§ Records for the exercise
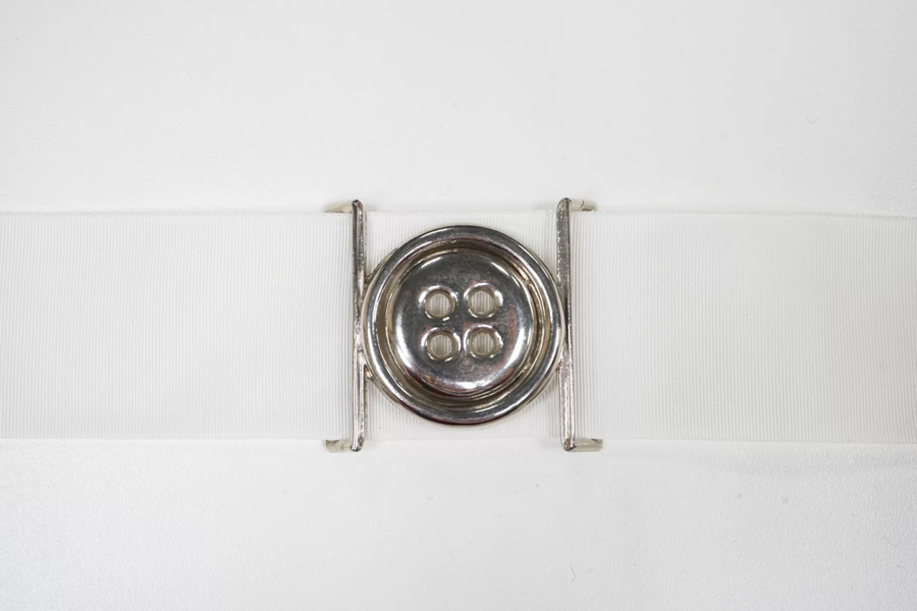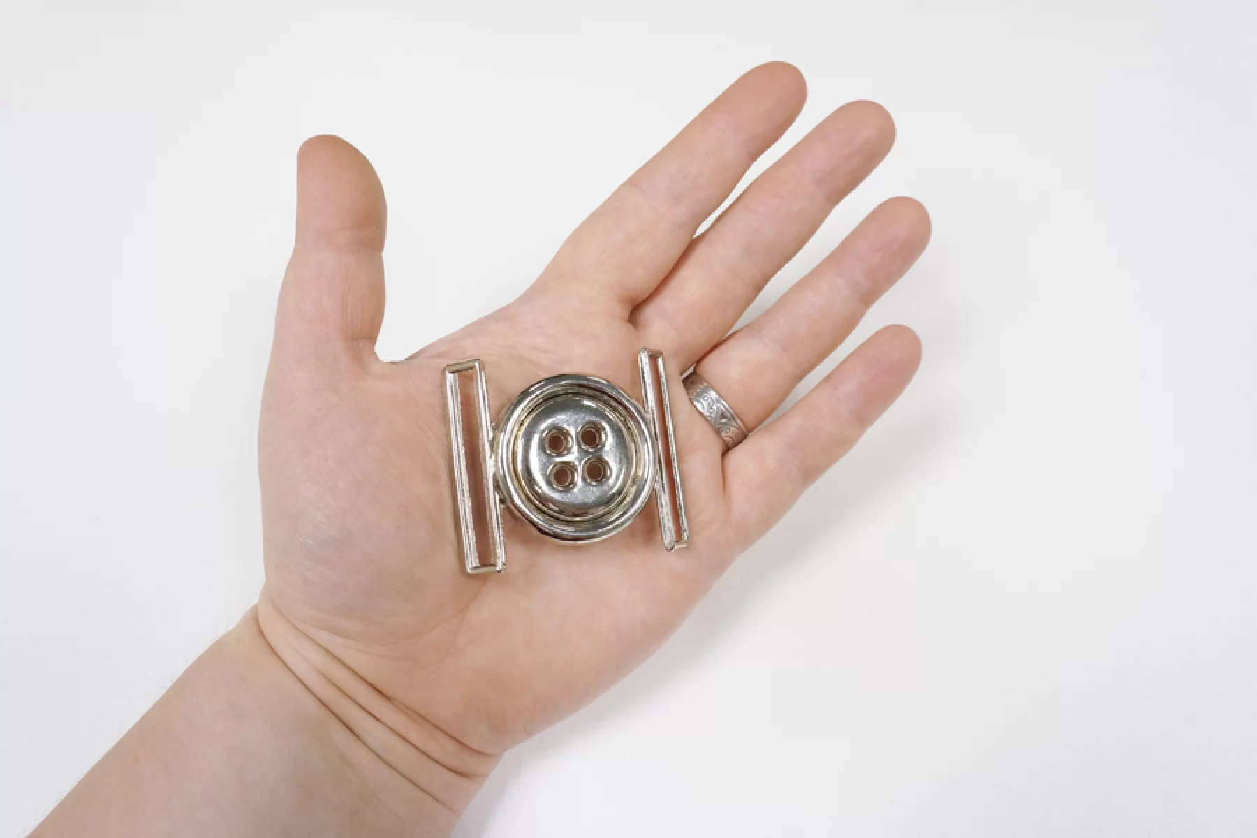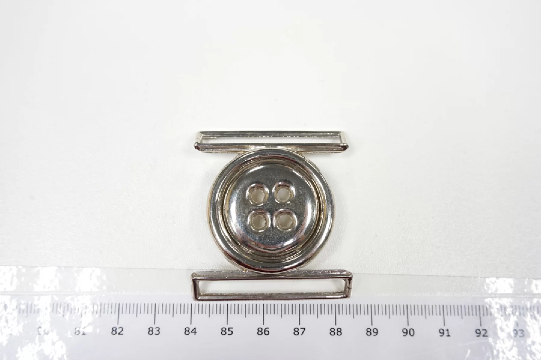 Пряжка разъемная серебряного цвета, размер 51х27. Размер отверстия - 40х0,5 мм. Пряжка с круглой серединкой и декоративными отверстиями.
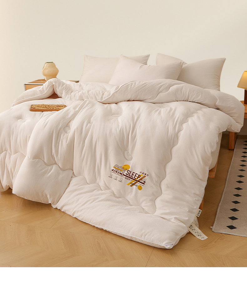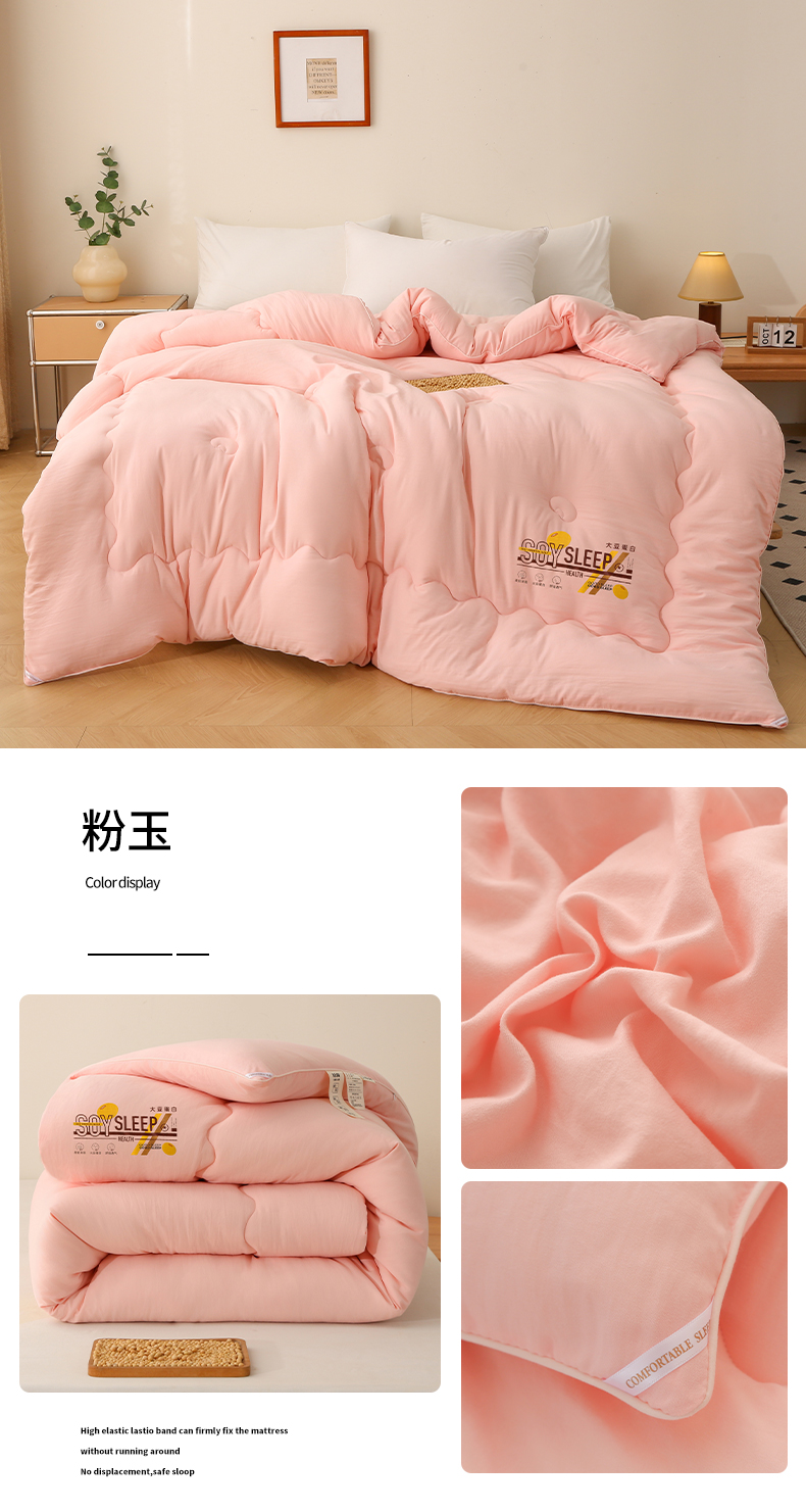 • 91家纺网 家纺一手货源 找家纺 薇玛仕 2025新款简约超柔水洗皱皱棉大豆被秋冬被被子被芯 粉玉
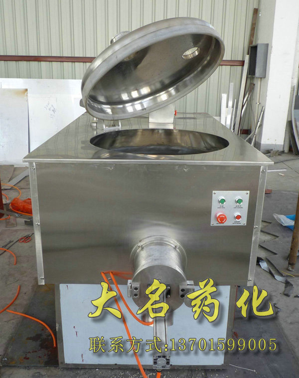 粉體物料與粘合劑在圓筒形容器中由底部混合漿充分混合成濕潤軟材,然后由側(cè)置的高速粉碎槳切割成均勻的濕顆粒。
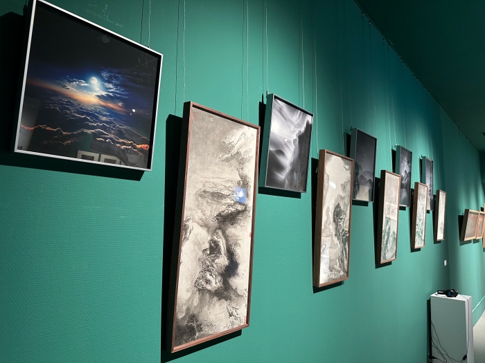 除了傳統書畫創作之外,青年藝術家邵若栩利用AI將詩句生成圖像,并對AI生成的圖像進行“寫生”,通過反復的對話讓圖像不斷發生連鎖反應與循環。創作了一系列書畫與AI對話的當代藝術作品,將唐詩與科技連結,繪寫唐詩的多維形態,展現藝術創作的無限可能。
==
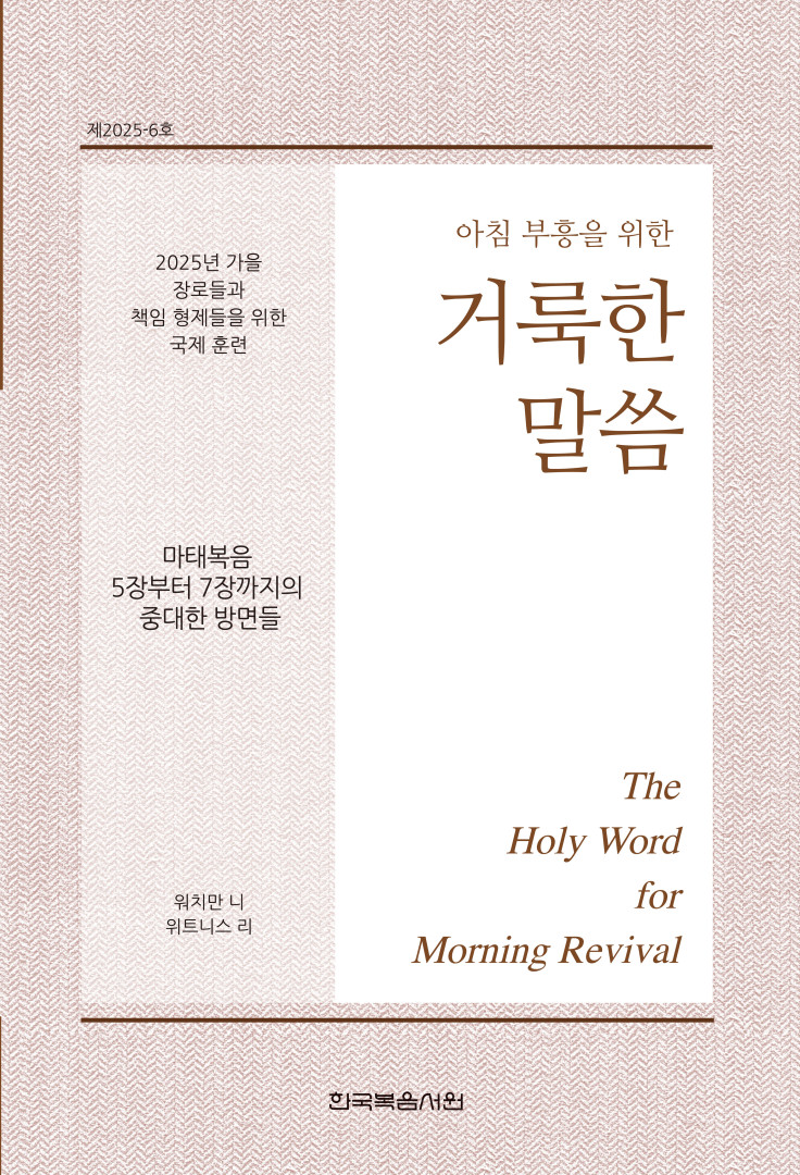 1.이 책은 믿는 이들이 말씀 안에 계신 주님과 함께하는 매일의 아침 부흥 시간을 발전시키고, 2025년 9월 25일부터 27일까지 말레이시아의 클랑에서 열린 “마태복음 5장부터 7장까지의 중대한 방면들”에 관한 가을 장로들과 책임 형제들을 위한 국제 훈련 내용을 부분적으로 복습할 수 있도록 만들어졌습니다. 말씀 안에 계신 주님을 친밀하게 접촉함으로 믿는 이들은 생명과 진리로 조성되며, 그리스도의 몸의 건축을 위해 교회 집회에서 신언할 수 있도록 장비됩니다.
==
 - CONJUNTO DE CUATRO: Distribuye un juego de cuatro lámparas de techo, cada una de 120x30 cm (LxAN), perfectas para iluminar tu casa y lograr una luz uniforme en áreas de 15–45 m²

§ Instructions to follow
Your copy should hold only the lines above from the one containing "粉體物料與粘合劑在圓筒形容器" through the one containing "除了傳統書畫創作之外,青年藝", exactly as written and free of pictures.

§ Written response
 粉體物料與粘合劑在圓筒形容器中由底部混合漿充分混合成濕潤軟材,然后由側(cè)置的高速粉碎槳切割成均勻的濕顆粒。
 除了傳統書畫創作之外,青年藝術家邵若栩利用AI將詩句生成圖像,并對AI生成的圖像進行“寫生”,通過反復的對話讓圖像不斷發生連鎖反應與循環。創作了一系列書畫與AI對話的當代藝術作品,將唐詩與科技連結,繪寫唐詩的多維形態,展現藝術創作的無限可能。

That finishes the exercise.